**REQUIREMENT:**
Without including any image, repeat every record exactly.

(Items from a dataset)

+++

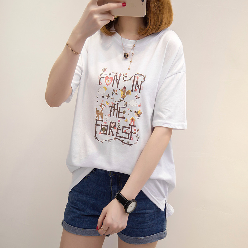 短袖上衣女夏新款女裝卡通白色t恤女寬松韓版體恤小衫百搭潮
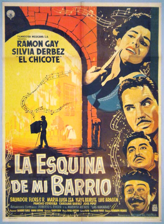 Interesting Mexican musical movie poster has a nice design and good images of the main stars... The film starred Ramon Gay, Silvia Derbez, Armando Soto La Marina 'El Chicote' and Salvador Flores. $45 |
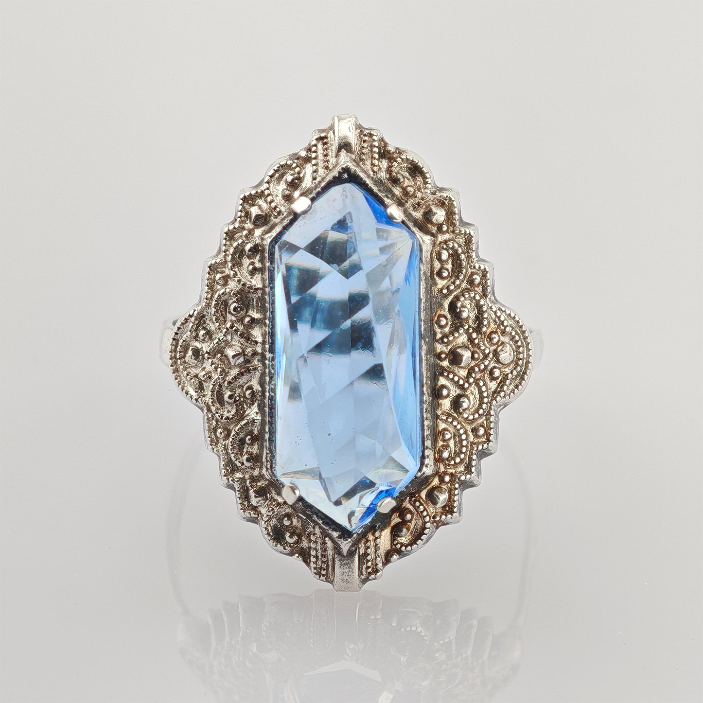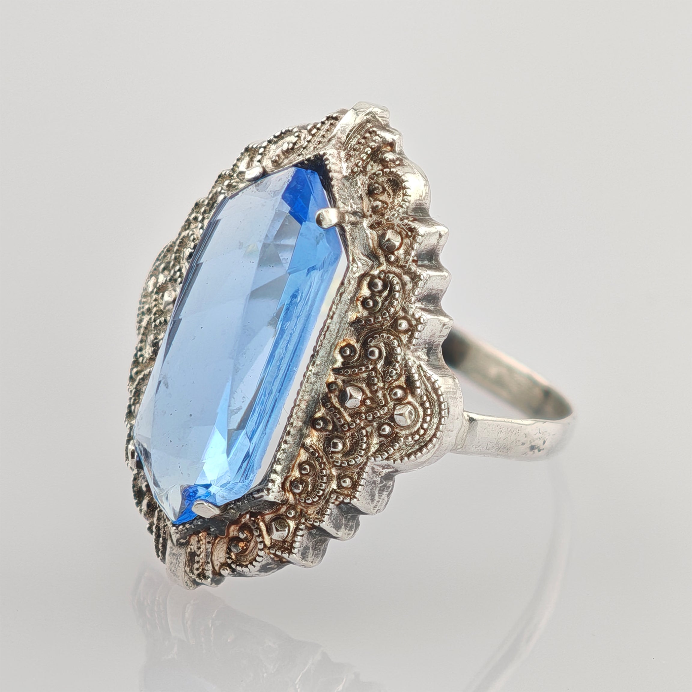 Art-Déco-Silberring mit großem blauem Glasstein aus den 1970er Jahren
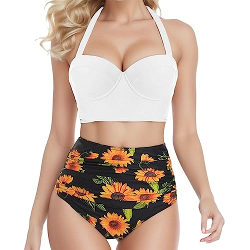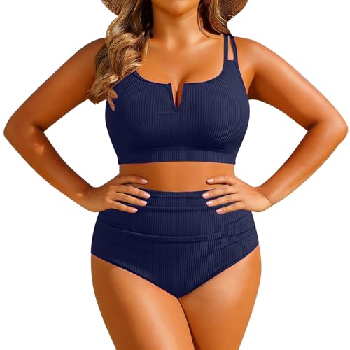 Générique Bikini Taille Haute Femme, Maillot De Bain String Femme Push Up Contrôle du Ventre Ensemble Bikini Décontracté Tendance Coupe Bretelles Croisé sur Le Devant Beachwear
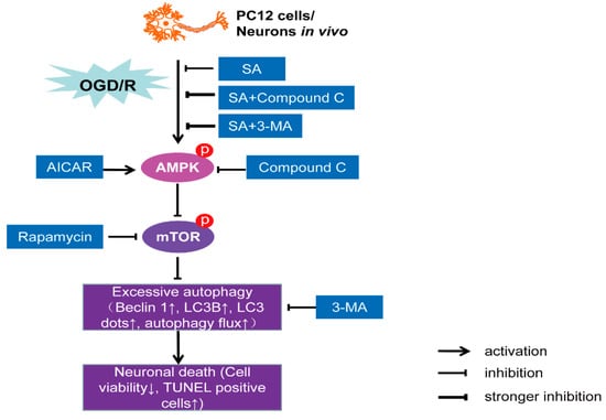 A proposed diagram tying together the observations involved in SA-induced neuroprotection against OGD/R injury. SA decreased phosphorylation of AMPK and increased phosphorylation of mTOR, which led to autophagy inhibition and neuroprotection against OGD/R injury in vivo and in vitro.

+++

**SOLUTION:**
 短袖上衣女夏新款女裝卡通白色t恤女寬松韓版體恤小衫百搭潮
 Interesting Mexican musical movie poster has a nice design and good images of the main stars... The film starred Ramon Gay, Silvia Derbez, Armando Soto La Marina 'El Chicote' and Salvador Flores. $45 |
 Art-Déco-Silberring mit großem blauem Glasstein aus den 1970er Jahren
 Générique Bikini Taille Haute Femme, Maillot De Bain String Femme Push Up Contrôle du Ventre Ensemble Bikini Décontracté Tendance Coupe Bretelles Croisé sur Le Devant Beachwear
 A proposed diagram tying together the observations involved in SA-induced neuroprotection against OGD/R injury. SA decreased phosphorylation of AMPK and increased phosphorylation of mTOR, which led to autophagy inhibition and neuroprotection against OGD/R injury in vivo and in vitro.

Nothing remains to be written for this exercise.